## Task requirements
A faithful copy is needed of the lines below from the one with "大阪城の横が難波宮跡遠くは生駒山 その向うには平城宮がある" up to and including the one with "The pink cotton"; set it down with no pictures and no other lines.

(Stored data)
★ ★ ★ ★ ★ ★ ★

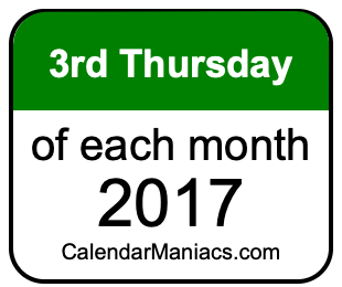 On top of that, for you calendar minimalists, we have also created a list of the 3rd Thursdays of each month in 2017 in the MM/DD/YY format, as you can see below:
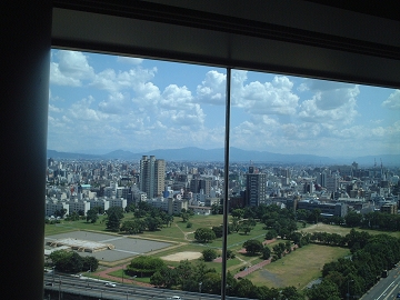 大阪城の横が難波宮跡遠くは生駒山 その向うには平城宮がある
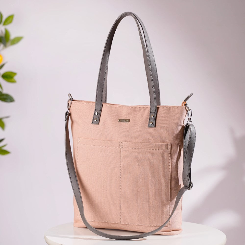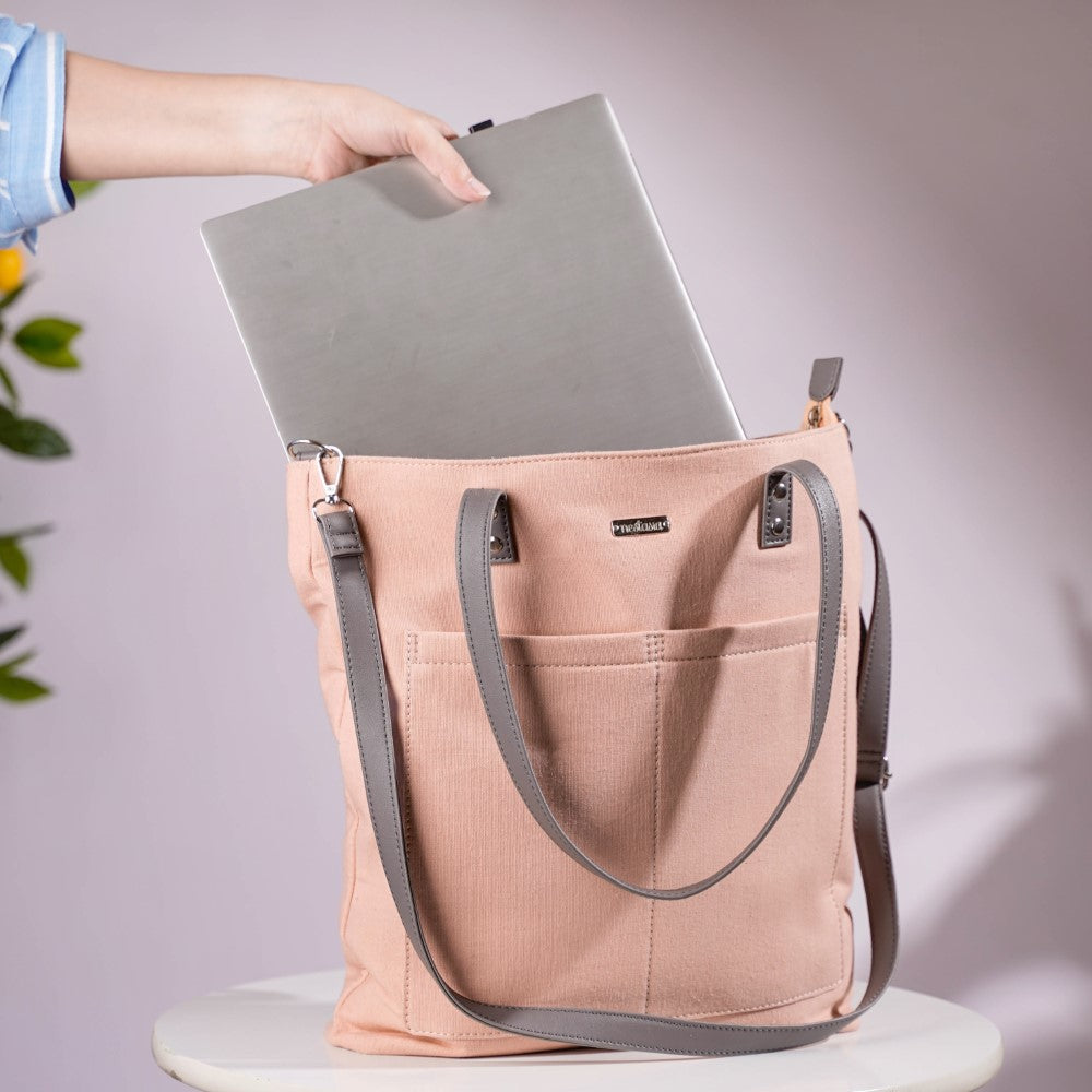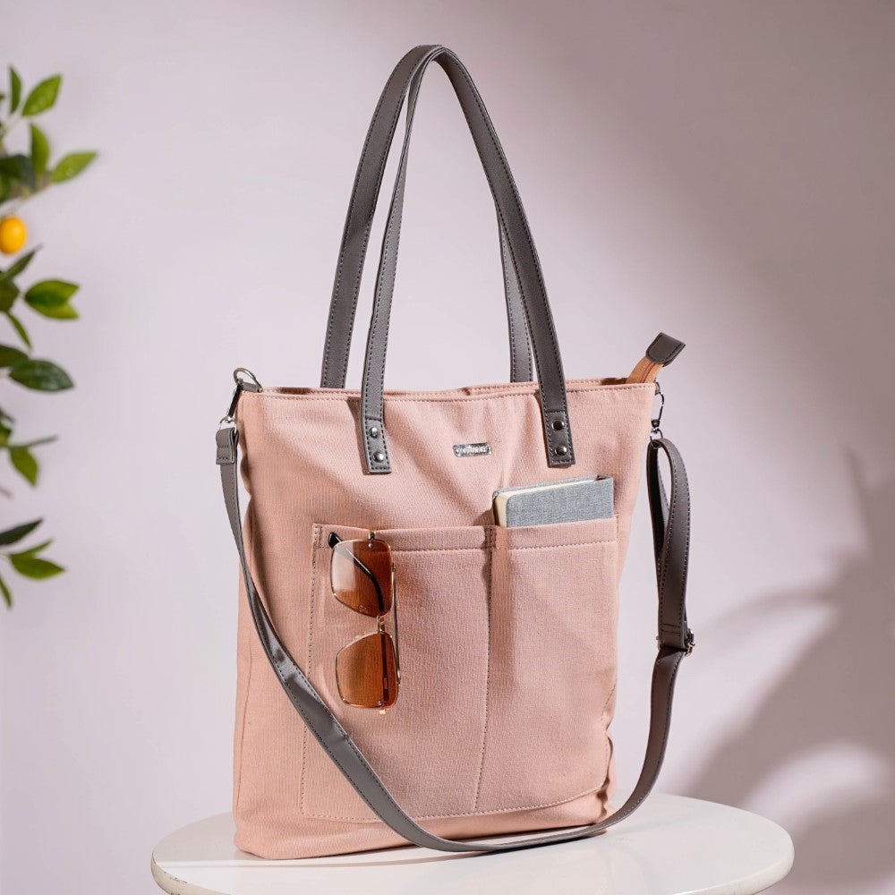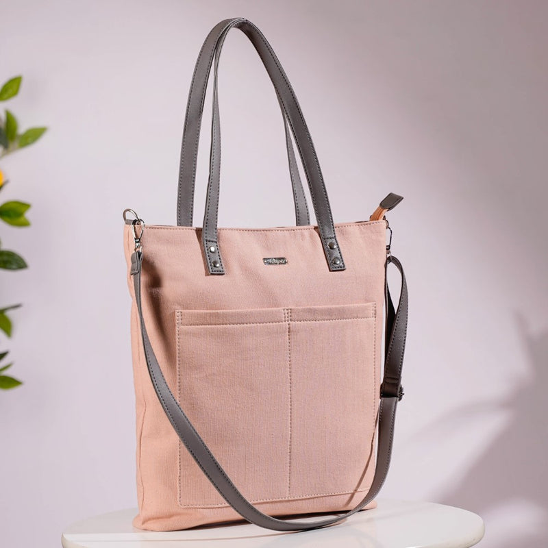 The pink cotton tote bag can easily double as a laptop bag or a regular office bag, thanks to its durable and lightweight design. The tote bag also comes with two compartments on the outside and two on the inside to safely carry your notepads, purse, mobile phone, sunglasses, and other personal belongings. The spacious interior and the smooth zipper system help to conveniently fit your laptop and other belongings inside the cotton tote bag without misplacing anything. Not to mention, the stylish and attractive design of the tote bag makes it ideal for gifting purposes.
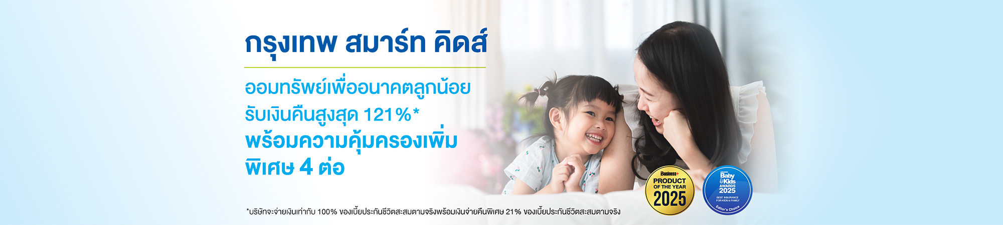 - สื่อโฆษณาฉบับนี้เป็นเพียงการสรุปผลประโยชน์เบื้องต้นเท่านั้น โปรดทำความเข้าใจในรายละเอียดเงื่อนไข ความคุ้มครองและข้อยกเว้น ก่อนการตัดสินใจทำประกันภัย ทั้งนี้ เงื่อนไขความคุ้มครองและข้อยกเว้นอย่างสมบูรณ์ สามารถสอบถามได้จากตัวแทนของท่าน หรือสามารถศึกษารายละเอียดได้จากกรมธรรม์ประกันชีวิตของท่าน
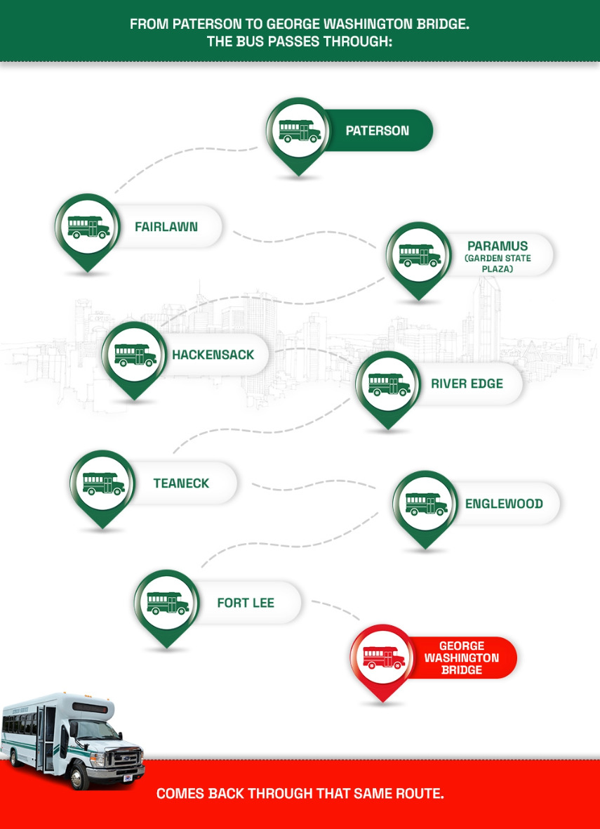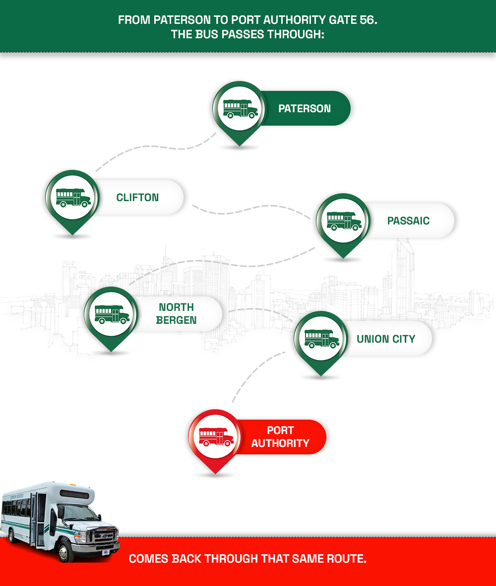 Express Bus Service supports daily riders traveling from Paterson, Clifton, Passaic, Union City, and nearby North Jersey communities into New York City.
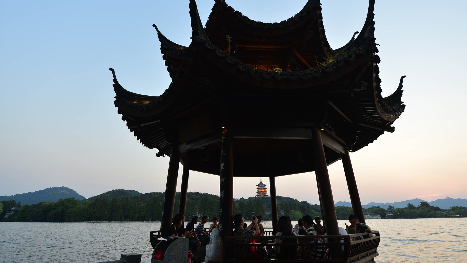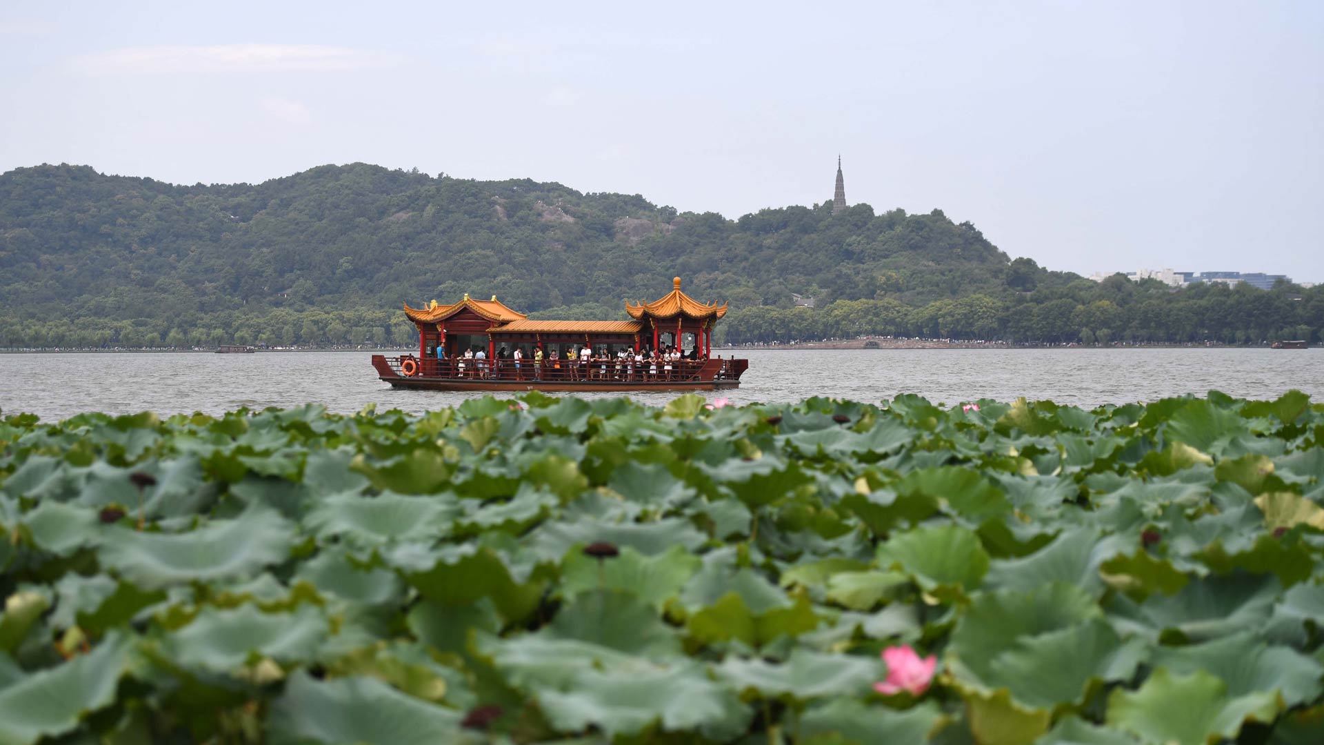 游客乘坐游船在西湖上游覽(8月27日攝)。 “三面云山一面城”,西湖的美麗自古就為眾多的作家和藝術(shù)家所稱頌。“西湖十景”被認(rèn)為是“天人合一”最理想最經(jīng)典的景觀體現(xiàn)。(新華社記者 陳曄華 攝)

★ ★ ★ ★ ★ ★ ★

## The completed task
 大阪城の横が難波宮跡遠くは生駒山 その向うには平城宮がある
 The pink cotton tote bag can easily double as a laptop bag or a regular office bag, thanks to its durable and lightweight design. The tote bag also comes with two compartments on the outside and two on the inside to safely carry your notepads, purse, mobile phone, sunglasses, and other personal belongings. The spacious interior and the smooth zipper system help to conveniently fit your laptop and other belongings inside the cotton tote bag without misplacing anything. Not to mention, the stylish and attractive design of the tote bag makes it ideal for gifting purposes.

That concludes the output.